We lose our voice and it feels

just like

when the words wouldn’t come

and nobody could hear me.

 

There’s something about illness which feels like trauma. Our body failing us.  Our brain not working properly. The temporary loss of autonomy. The reliance on others to help us. The shock of vulnerability. And we’ve no even got the energy to make space for our feelings.

 

A somatic flashback (soma means ‘body’) occurs as physical sensations from a historic trauma inflict themselves on the body in the present. Illness is not a somatic flashback, but for those afflicted, it perhaps feels the same.

 

Visual flashbacks are more well-known. Images from traumatic incidents flood the brain as the past violently interrupts the present. Somewhere along the way, my brain protected me from these as I lost the capacity to visualise (don’t give me visual directions if I ask you the way and don’t expect me to care whether the character in the film looks like the one in the book, as I never saw her anyway).  I thought I’d escaped flashbacks.  But apparently not.

 

So what do we do?  Those of us for whom illness becomes a site of trauma?  When laryngitis transports us back to the silencing of shame?

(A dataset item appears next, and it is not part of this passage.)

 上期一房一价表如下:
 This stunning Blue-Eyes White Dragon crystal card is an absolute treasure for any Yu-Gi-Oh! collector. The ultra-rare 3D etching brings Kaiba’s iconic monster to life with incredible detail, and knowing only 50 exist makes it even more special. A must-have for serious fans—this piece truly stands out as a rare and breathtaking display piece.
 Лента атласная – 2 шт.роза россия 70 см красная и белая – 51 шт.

When the vulnerability of illness transports us back to the vulnerability after he raped us? 

 

Writing this seems a good place to start.

 

Usefulness is a core value of mine. Even if it it feels a bit too practical to be a Real Value, it’s not very touchy feely. But it’s part of how I got sane, wanting to be useful and hoping my pain could help others to heal. That’s another reason why illness is so troublesome. I can’t be useful. Which is just how he liked it; me being useless, hopeless, pathetic.

 

And so writing this feels like part of the solution. Ensuring others don’t feel alone if illness awakens their trauma too. 

 

In this also is an acknowledgement that how we feel isn’t always how things are.  

 

Most of the time feelings are reliable. Healing after men have traumatised us requires that we learn to trust our self; he dismissed our feelings, gaslit us in our convictions, got us to the point where we doubted reality.  And so, learning to trust ourselves is a place of healing. 

 

But sometimes, feelings are unreliable.

 

Years ago, I had a feeling of rising panic and a severe headache.  I’d become skilled at validating my feelings and here I was, in the midst of severe anxiety without a discernable cause.  ‘It must be a deep trauma’, I thought worriedly.  So deep, I couldn’t even identify what it was. Eventually I realised I hadn’t had a coffee for the whole week. I wasn’t in a trauma spiral, I was in caffeine withdrawl. 

 

It turns out, illness can be like that too. It can hit us like trauma and we have to remind ourselves it’s not.

 

If illness becomes a place of trauma for you, give yourself permission to have your feelings. Journal your experience or write a blog (so everyone can join in, ha!).  Breathe slowly and be kind to yourself.  This moment is only temporary, your body hasn’t let you down, its doing its best to look after you, just like when you survived what he did. Accept the help of friends or family; you are not alone.  And when you get back to full strength, this moment will fade and you’ll get back to your healed self.

 

It’ll turned out she was there all along, she just had a flu-like thing and needed a nap.




Final Thought: I've written this from the perspective of minor illness, but realise that chronic illness and more severe illness may induce a much more challenging reality for traumatised people. Feel free to comment with any useful resources or reflections for those who are dealing with bigger health challenges.